Arryk drew himself up, raised his
chin a fraction. Was this the wrong answer? Thorn suspected that his response,
whatever it was, mattered not at all. At last Arryk seemed to gather some resolve
and turned to face his guest. Green eyes pinned Thorn and conducted a cold,
fierce scrutiny, like razors hoping for a slip and a taste of blood. Thorn
remembered those eyes. Looking at them was like looking at a ghost. He tried to
hold the gaze but failed. Unexpected, being disarmed so easily.

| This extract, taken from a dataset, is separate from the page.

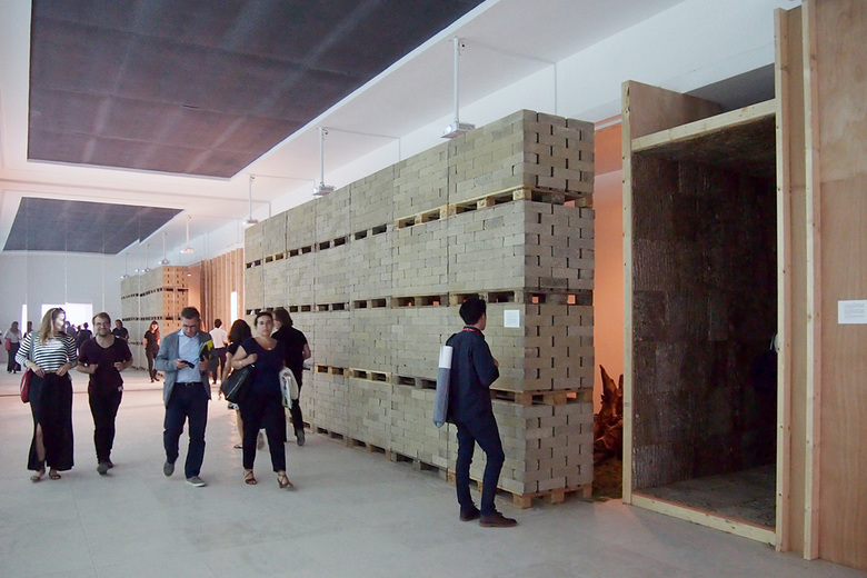 In 2012 Russia wowed visitors with an immersive experience of QR codes lining the walls of their pavilion. A much different type of experience takes place in this Biennale, where actors sit at tradeshow-like kiosks and interact with visitors donning tradeshow badges. The commercialization of architecture is obviously the point of the Strelka Institute's curating, but the pavilion's uncanny resemblance to a trade fair makes for an experience equal parts enlightening, humorous and unsettling. Russia's theatrics earned the pavilion a Special Mention for National Participation.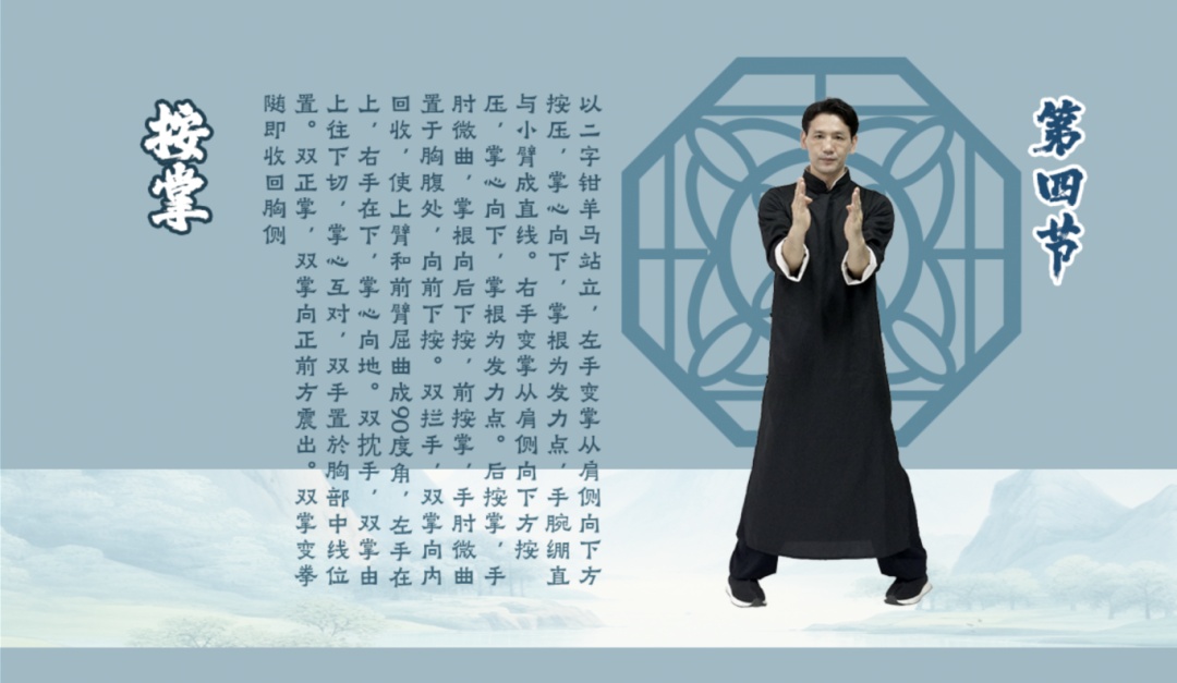 按掌是詠春拳中的一個(gè)基本手法,通過(guò)以氣催力,練習(xí)詠春拳的寸勁發(fā)力。其核心在于“按”這個(gè)動(dòng)作,即手掌向下按壓。

Arryk’s glance didn’t waver. “You’re
not what I expected.”

Thorn’s mouth was dry as dust. “I
hear that often lately, sire. People seem to expect sparks of lightning dancing
about my fingertips, a steed breathing fire, and a storm spinning in my wake.
But I’m the same awkward scholar I ever was.”

“Is that so?”

“I am sorry that I offend Your
Majesty.”

“If you offend me, it is not
because you lack sparks of lightning, Thorn Kingshield.” He turned away
abruptly, strode for the breakfast table, and poured himself a cup of tea with
the aggression of a lance striking a shield. His hands trembled, and the clattering
of the silver and porcelain sounded like accusations. He poured a second cup
and gestured for his guest to take a seat. Thorn dared not refuse, though he
could’ve done with something stronger. He eased into the chair across from the
White Falcon, helped himself to the milk, stirred, sipped, and grimaced.
Lukewarm and bitter. He should have tossed the bird sooner. He would have hot
tea to ease his headache at least.

Arryk watched him coolly over the
rim of his own cup, but did not drink. “Tell me about my father.”

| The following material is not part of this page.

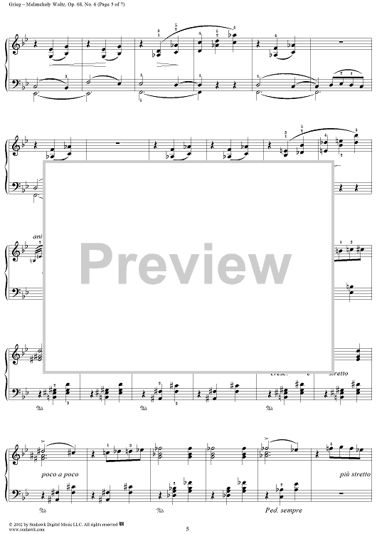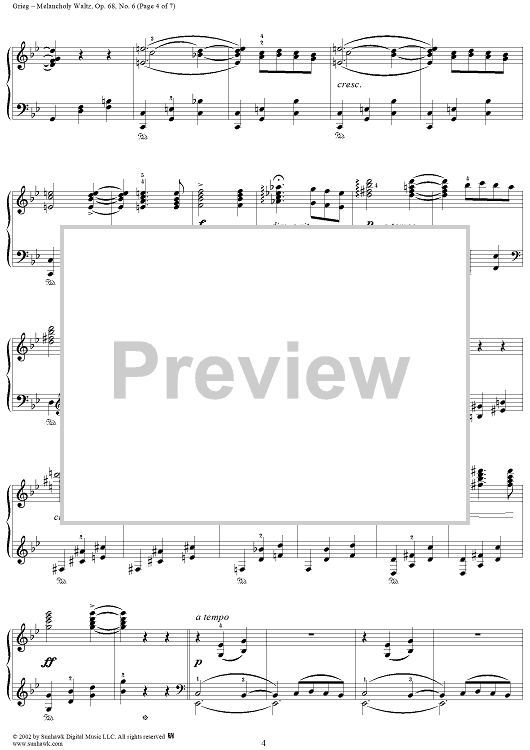 Digital Sheet Music for Lyric Pieces Book 9, op. 68, no. 6: Melancholy Waltz by Edvard Grieg scored for Piano Solo; id:267748

The request came so suddenly that
Thorn half-choked. He threw his arm over his mouth until he recovered. He
might’ve known. Yes, Arryk had every reason to loathe his guest. “Tell you
what, sire? You knew him better than I.”

“Undoubtedly. But I wasn’t there
when he died.” He set aside his cup. “What if I told you I put Ghost Root in
that tea.”

A chill slithered across Thorn’s
shoulders and down into his gut. He eyed the contents of his cup, remembering a
battle in an alleyway, little knives pricking his shoulder, pain like shards of
steel paralyzing his muscles, Zellel whispering in his ear, and sudden
blindness before oblivion. He remembered carefully selecting a vial of purple
crystal, too.

In one great gulp he swallowed the
rest of the tea. “Then I would say, ‘well-deserved’.”

“The accounts are true, then.”

“Well, that depends on who’s
telling them, doesn’t it?” Thorn was sure he had been mercilessly vilified
south of the Bryna.

“I’ll hear your side.” Arryk’s eyes
narrowed, as if daring Thorn to forbid him the details.

“Gracious of you. But is this
something you need to hear right now?”

“I’ve waited twenty years to hear
it, and I don’t have anywhere else to be.”

Thorn leaned back in the chair,
releasing a heavy breath. “He had abandoned the field. Wasn’t really anything
else he could do by then. His warlord was dead, his city invaded by vengeful
dwarves. Brynduvh’s defenders were fleeing the walls. It was only a matter of
hours before the dwarves broke into the palace, a matter of days before
Rhorek’s armies arrived. I reached him first. I offered him a gift, and he
chose to accept it. He was grateful in that stage of the game to still have a
choice, though you may not believe me.”

“I don’t.”

“Come, come, sire, you don’t think
his enemies would have allowed him to live? The dwarves had broken in. It was
all I could do to convince them to wait until I’d spoken with your father.”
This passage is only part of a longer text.